§ REQUIRED ACTION
Reproduce every record below exactly as written, but leave out any pictures.

§ TASK MATERIAL

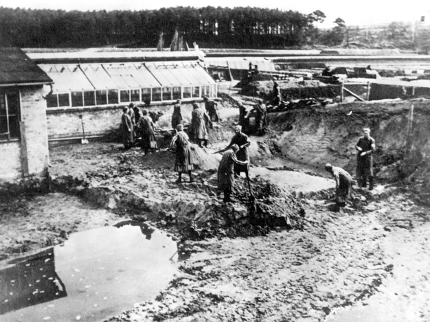 Bilden visar ett tiotal kvinnor i randiga klänningar och förkläden med spadar i händerna, övervakade av soldater.
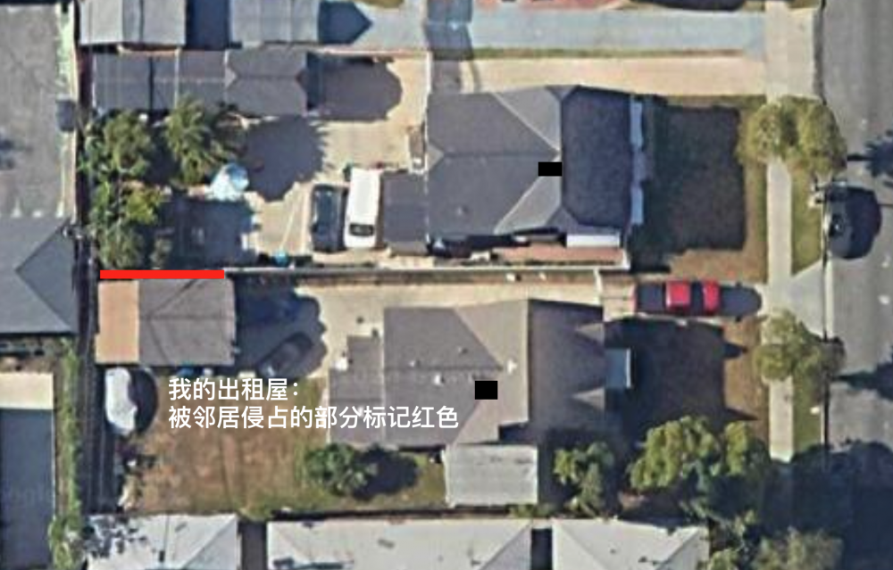 有一个在加州的出租屋的、紧邻车库墙壁的一小条地目前被邻居占着。
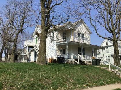 This is a 2-story, 3-bay house in the Late Victorian style built in the period 1880-1889. Exterior walls are replacement vinyl siding and aluminum siding. The building has a hip and gable roof clad in replacement asphalt shingles and one hip-roofed dormer. There is one center, rear slope, brick chimney. Windows are replacement vinyl, 1/1 double-hung sashes. There is a single-story, full-span open porch characterized by a hip roof clad in asphalt shingles with turned wood posts. There is a flush off center entrance.
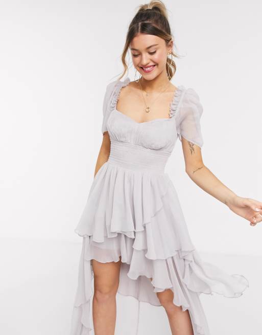 ASOS DESIGN shirred waist high low hem maxi dress with puff sleeve
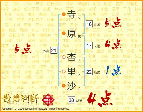 寺(6画)原(10画) 杏(7画)里(7画)沙(8画)
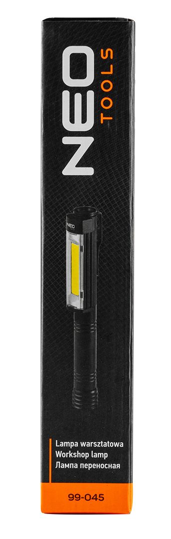 Inšpekcijska svetilka NEO (ref. 99–045) je baterijska inšpekcijska svetilka COB LED z močjo 4 W in svetilnostjo 400 lumnov. Magnet na podstavku in sponka za žep omogočata upravljanje z obema rokama. Ima tri načine svetlobe: 100 %, 50 % in rdečo.

§ WRITTEN ANSWER
 Bilden visar ett tiotal kvinnor i randiga klänningar och förkläden med spadar i händerna, övervakade av soldater.
 有一个在加州的出租屋的、紧邻车库墙壁的一小条地目前被邻居占着。
 This is a 2-story, 3-bay house in the Late Victorian style built in the period 1880-1889. Exterior walls are replacement vinyl siding and aluminum siding. The building has a hip and gable roof clad in replacement asphalt shingles and one hip-roofed dormer. There is one center, rear slope, brick chimney. Windows are replacement vinyl, 1/1 double-hung sashes. There is a single-story, full-span open porch characterized by a hip roof clad in asphalt shingles with turned wood posts. There is a flush off center entrance.
 ASOS DESIGN shirred waist high low hem maxi dress with puff sleeve
 寺(6画)原(10画) 杏(7画)里(7画)沙(8画)
 Inšpekcijska svetilka NEO (ref. 99–045) je baterijska inšpekcijska svetilka COB LED z močjo 4 W in svetilnostjo 400 lumnov. Magnet na podstavku in sponka za žep omogočata upravljanje z obema rokama. Ima tri načine svetlobe: 100 %, 50 % in rdečo.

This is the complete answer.